We were on Main Street, downtown Brattleboro, Spinney and I on the west side, above the pharmacy, Willy bundled up and dressed like a bum at the back of the alley, near the back door of Gagnon’s building, and Sammie, the only warm one among us, holding tight in an apartment directly above the suspect’s. And none of us with anything to look at.
We’d been like this since suppertime, hoping Marty Gagnon would reward us by coming home. Following our visit to Walter Skottick’s, we’d discreetly dropped by Gagnon’s place and found the rusty Subaru in a parking space by the railroad tracks nearby, but no Marty.
The choices after that had been several: a canvass of his neighbors, friends, and family; a sit-tight approach, waiting for a reaction to the bulletins we’d sent around; a combination of both; or-the most expensive alternative-a stakeout.
I’d opted for the last, to universal groans.
My explanation was that, according to Marty Gagnon’s records, we were dealing with a man as prone to flight as a cat in a dog fight. He had a history of running off worse than anyone I’d seen. He’d skipped on court appearances, parole meetings, counseling sessions, and everything else for which he’d ever been held accountable. It had therefore seemed more cost-effective to me to blow a single night’s overtime and nab him fast than to tip him off through routine inquiries and then waste days chasing him down.
What I hadn’t admitted to the others was the additional juvenile appeal of handing this case gift-wrapped back to Snuffy Dawson only forty-eight hours after inheriting it.
Which was just as well, since now it was looking as if I’d blown my budget solely to create three cranky colleagues and a skeptical boss at headquarters.
The cell phone in my breast pocket began vibrating silently against my ribs.
“Gunther.”
“This is Dispatch. We just got a call from a Walter Skottick. He was assaulted at his home by someone looking for Marty Gagnon.”
“He okay?”
“Didn’t sound it. I sent the ambulance to pick him up. They should be at the hospital in about half an hour. He wanted me to tell you specifically that he didn’t talk to anybody. That make sense?”

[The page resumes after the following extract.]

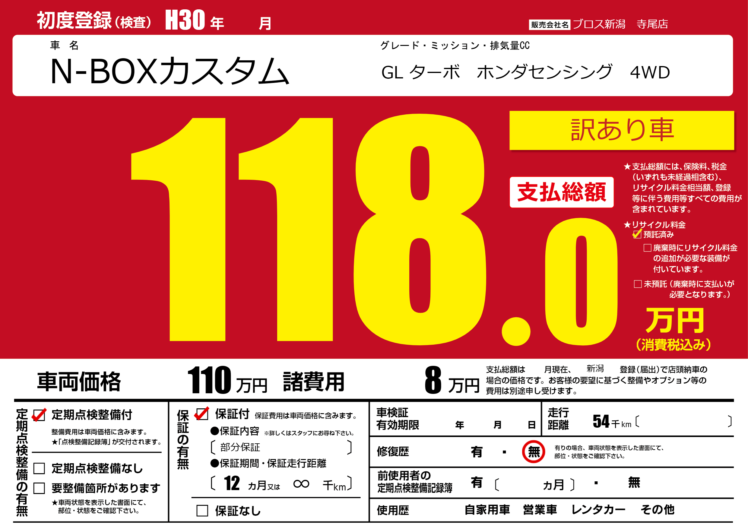 | 走行キロ | 5.4万km | 初年度登録 | H30年---月 |

“Yeah.” I put the cell phone away and keyed the radio again. “It’s a wrap, everybody. I think our target’s already long gone.”
Sammie Martens stood in the ER waiting room, her head tilted back, staring at the television set mounted high on the wall. On screen, a couple was visibly screaming at each other from opposing chairs, an interviewer with a microphone trying to walk a fine line between verbal abuse and furniture tossing-but the sound was off, making the whole drama a pantomime. A caption at the bottom of the screen read, “Men who slept with their sisters.”
“What do you think happened?” Sammie asked the TV.
I understood the oblique reference. “Skottick will have to confirm it, but my bet is whoever beat him up did what we did in reverse, looking for Marty Gagnon, asking a lot of questions, until he finally ended up at Skottick’s place, giving Marty the heads up in the process. That would explain why Marty never came home.”
She didn’t move. “Makes you wonder if this person is looking for him for the same reason we are.”
Walter Skottick seemed in pretty rough shape when he was rolled into the ER on a backboard, his face bandaged, his neck in a brace, and two IVs running into his arms.
Sammie and I waited in the hallway while the nurses and technicians went through their routine and the on-call doc finally arrived to survey what was left.
Luckily, that doc turned out to be James Franklin, the hospital’s best general surgeon and a man I had known for years.